What do you mean by work better here? If it's for better accuracy then no they are not better at the same weight dimensions.

The big thing is that sparse models allow you to train models with significantly larger dimensionality, blowing up the dimensions several orders of magnitudes. More dimensions leading to better results does not seem to be under a lot of contention, the open questions are more about quantifying that. It's simply not shown experimentally because the hardware is not there to train it.

The big thing is that sparse models allow you to train models with significantly larger dimensionality, blowing up the dimensions several orders of magnitudes.

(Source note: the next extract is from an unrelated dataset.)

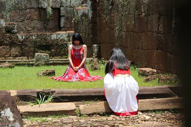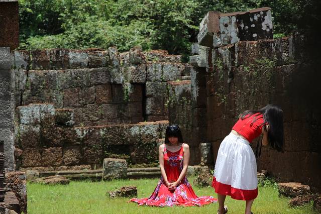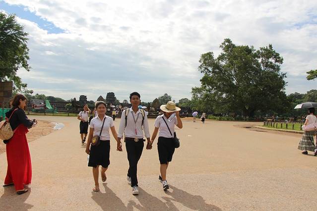看见一群学生从吴哥寺出来,这三个学生,我最好奇,无限好奇,自己脑补了一遍各种情形。

Do you have any evidence to support this statement? Or are you imagining some not yet invented algorithms running on some not yet invented hardware?

  • Sparse matrices can increase in dimension while keeping the same number of non-zeroes, that part is self evident. Sparse weights models can be trained, you probably are already aware of RigL and SRigL, there is similar other related work on unstructured and structured sparse training. You could argue that those adapt their algorithm to be executable on GPUs and that none are training at x100 or x1000 dimensions. Yes, that is the part that requires access to sparse compute hardware acceleration, which exists as prototypes [1] or are extremely expensive (Cerebras).

    [1] https://dl.acm.org/doi/10.1109/MM.2023.3295848

    • Unstructured sparsity cannot be implemented in hardware efficiently if you still want to do matrix multiplication. If you don’t want to do matrix multiplication you first need to come up with new algorithms, tested in software. This reminds me of what Numenta tried to do with their SDRs - note they didn’t quite succeed.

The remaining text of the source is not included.